§ **Task prompt**
From top to bottom, print the listing word for word and skip any pictures it contains.

§ **Given information**

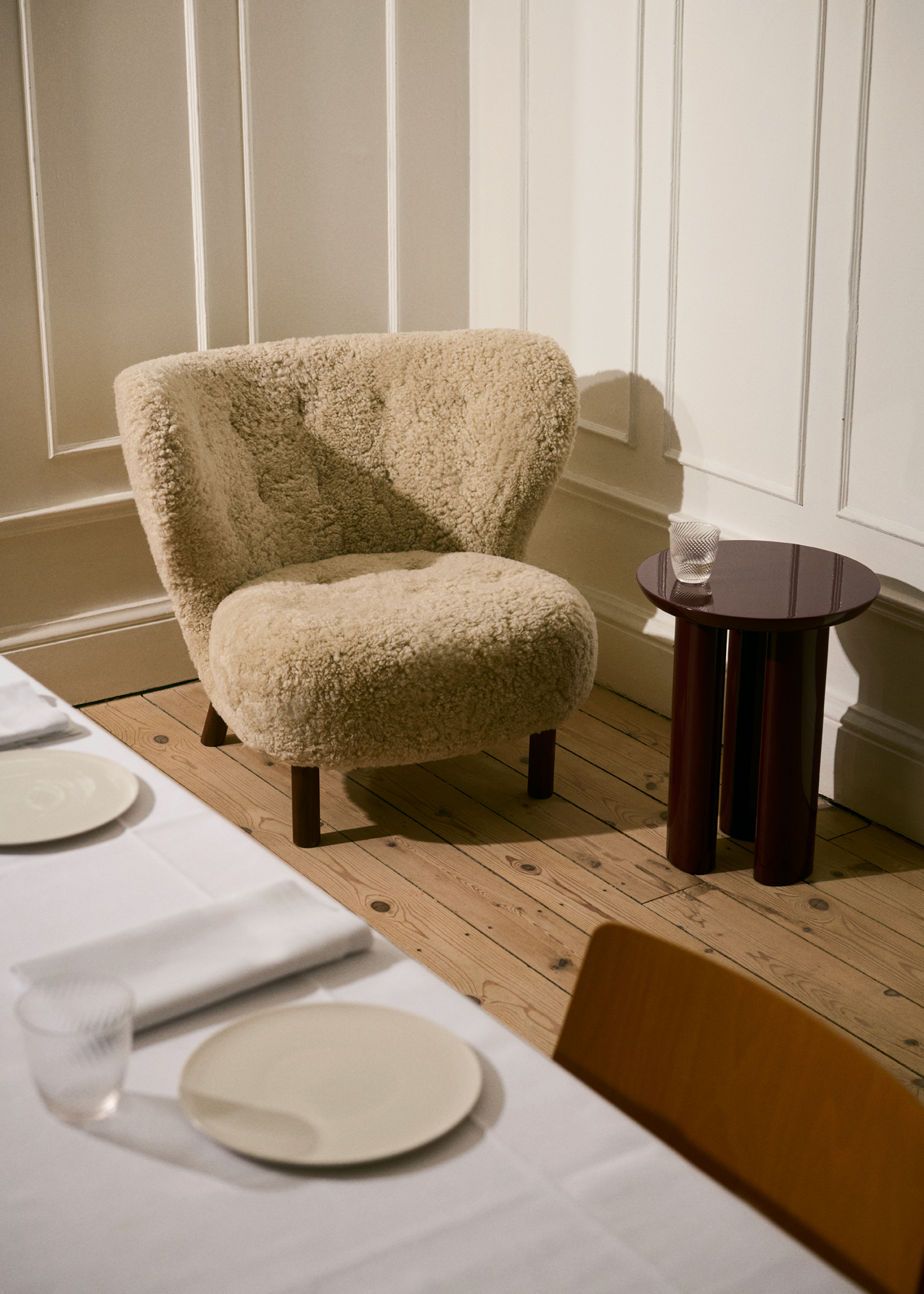 Navnet Lille Petra kommer fra Boesens svigermor Petra – en liten kvinne med stor personlighet. Stolen gjenspeiler nettopp dette: et kompakt møbel med et varmt og innbydende uttrykk som umiddelbart skaper en følelse av hygge i rommet.
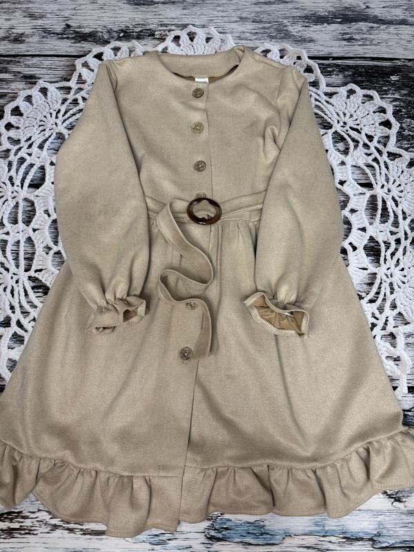 Бежеве красиве дівчаче плаття. Має поясок, на ручках є резиночки і красиві ґудзички. Довжина 77 сантиметрів, довжина рукава 51 сантиметр, пів обхват грудей 37 сантиметрів, талія 37 сантиметрів. Плаття зачіпається на ґудзики і має невеличку розпорку посередині.
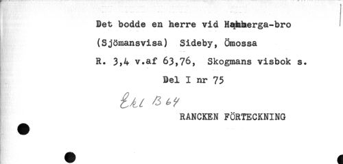 //// Det bodde en herre vid Hqhherga-bro //// - - //// (Sjömansvisa) Sideby, Ömossa //// R. 3)4 v.af 63,76, Skogmans visbok s. //// ^ .. * .. //// Del I nr 75 //// RANCKEN FÖRTECKNING ////

§ **Reply to the task**
 Navnet Lille Petra kommer fra Boesens svigermor Petra – en liten kvinne med stor personlighet. Stolen gjenspeiler nettopp dette: et kompakt møbel med et varmt og innbydende uttrykk som umiddelbart skaper en følelse av hygge i rommet.
 Бежеве красиве дівчаче плаття. Має поясок, на ручках є резиночки і красиві ґудзички. Довжина 77 сантиметрів, довжина рукава 51 сантиметр, пів обхват грудей 37 сантиметрів, талія 37 сантиметрів. Плаття зачіпається на ґудзики і має невеличку розпорку посередині.
 //// Det bodde en herre vid Hqhherga-bro //// - - //// (Sjömansvisa) Sideby, Ömossa //// R. 3)4 v.af 63,76, Skogmans visbok s. //// ^ .. * .. //// Del I nr 75 //// RANCKEN FÖRTECKNING ////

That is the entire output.